Nausea, dry mouth, loss of appetite, tiredness, drowsiness, sweating, blurred vision, and yawning, are all common side effects. However, if they persist or worsen, notify your doctor promptly.
Tell your doctor right away if you have any serious side effects, including: shaking (tremor), decreased interest in sex, changes in sexual ability, easy bruising/bleeding.
Get medical help right away if you have any very serious side effects, including: fainting, fast/irregular heartbeat, black stools, vomit that looks like coffee grounds, seizures, eye pain/swelling/redness, widened pupils, vision changes (such as seeing rainbows around lights at night).

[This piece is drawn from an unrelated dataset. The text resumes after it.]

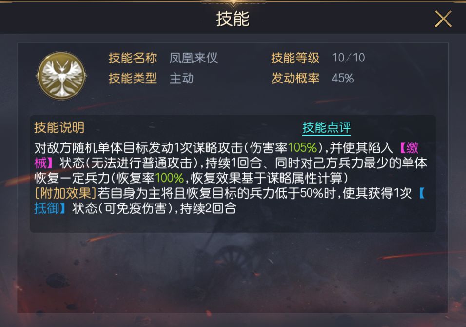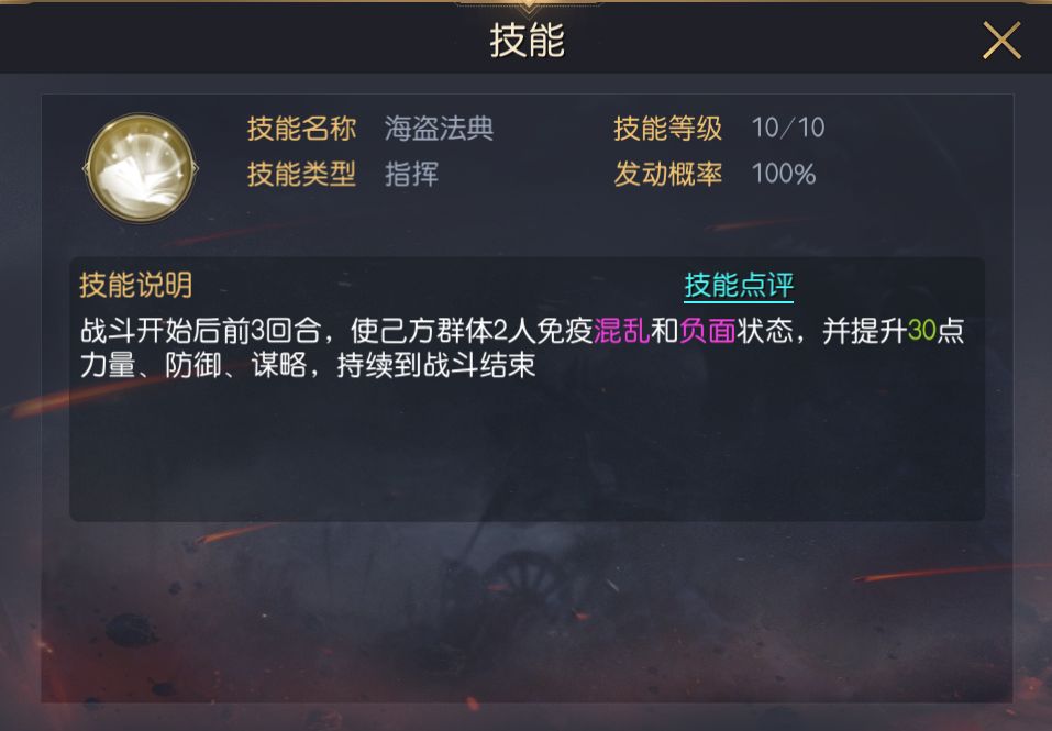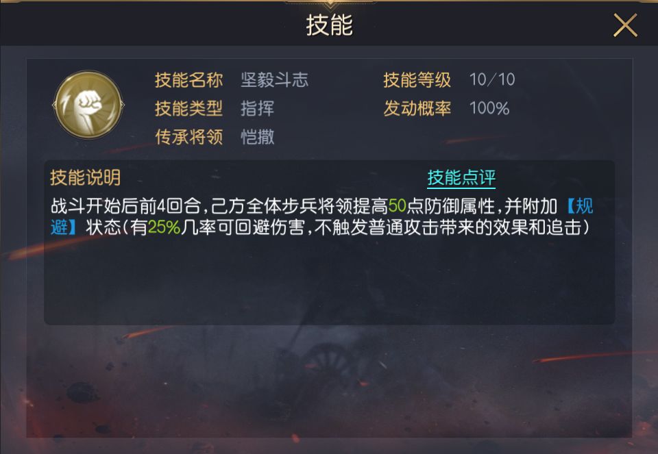 三技能推荐坚毅斗志,该技能可提升己方全体步兵的防御并施加规避,虽然该阵容具备一定的续航,但将领本身坦度较低,全员自带兵种都为步兵,利用坚毅斗志的加成效果能提升整体坦度。

This medication may increase serotonin and rarely cause a very serious condition called serotonin syndrome/toxicity. The risk increases if you are also taking other drugs that increase serotonin, so tell your doctor or pharmacist of all the drugs you take (see Drug Interactions section). Get medical help right away if you develop some of the following symptoms: fast heartbeat, hallucinations, loss of coordination, severe dizziness, severe nausea/vomiting/diarrhea, twitching muscles, unexplained fever, unusual agitation/restlessness.
What is Celexa?
So what is Citalopram exactly, and what is Citalopram used for? This medication is used to treat depression. By taking it, it may improve upon your energy levels and overall feelings of well-being. This medication is put to work by helping restore the balance of a natural chemical in the brain called serotonin. This medication comes in two different strengths 20mg and 40mg. And on an international level Celexa is known as Cipram. If you have any questions regarding this medication or any inquiries in general, feel free to give us a call at our toll free number 1-877-385-8998.
How long does it take for Celexa to work?
Most of the sleep, energy or appetite may show improvement within the first 1 to 2 weeks. These are considered early signals that the medication is indeed working. So how long does it take for Citalopram to work at its fullest? To achieve the full benefits of this medication it may take 6 to 8 weeks to gain the full effect. However, do keep in mind that this does vary from one person to the next.
What are the side effects of Celexa?
Some of the most common side effects to this medication are as follows; drowsiness, ejaculatory disorder, nausea, insomnia, and diaphoresis. These are just some of what are the most common side effects of citalopram, keep in mind that these are not all of the side effects listed for this medication, and if you are experiencing any of these be sure to inform your doctor if they persist or worsen.
How long does Celexa stay in your system?
From previous studies it seems that this medication can stay in your system for up to 10 to 14 days before it is fully eliminated from your body.
When to take Celexa?
This medication is to be taken once a day, by mouth. As to when to take citalopram? It can be taken either in the morning or evening, with or without food.
What is the generic name for Celexa?
The generic name for Celexa is known as Citalopram. It was approved for medical use in 1998 as a generic medication.
Who makes Celexa?
Celexa is manufactured by the pharmaceutical company known as Lundbeck. The generic, Citalopram was first synthesized in 1972 and first marketed in 1989. It was released to the public for medical use in 1998.
What type of drug is Celexa?
Celexa is classified as a drug called “selective serotonin reuptake inhibitors” (SSRIs). It is a class that contains fluoxetine (Prozac), paroxetine (Paxil) and sertraline (Zoloft).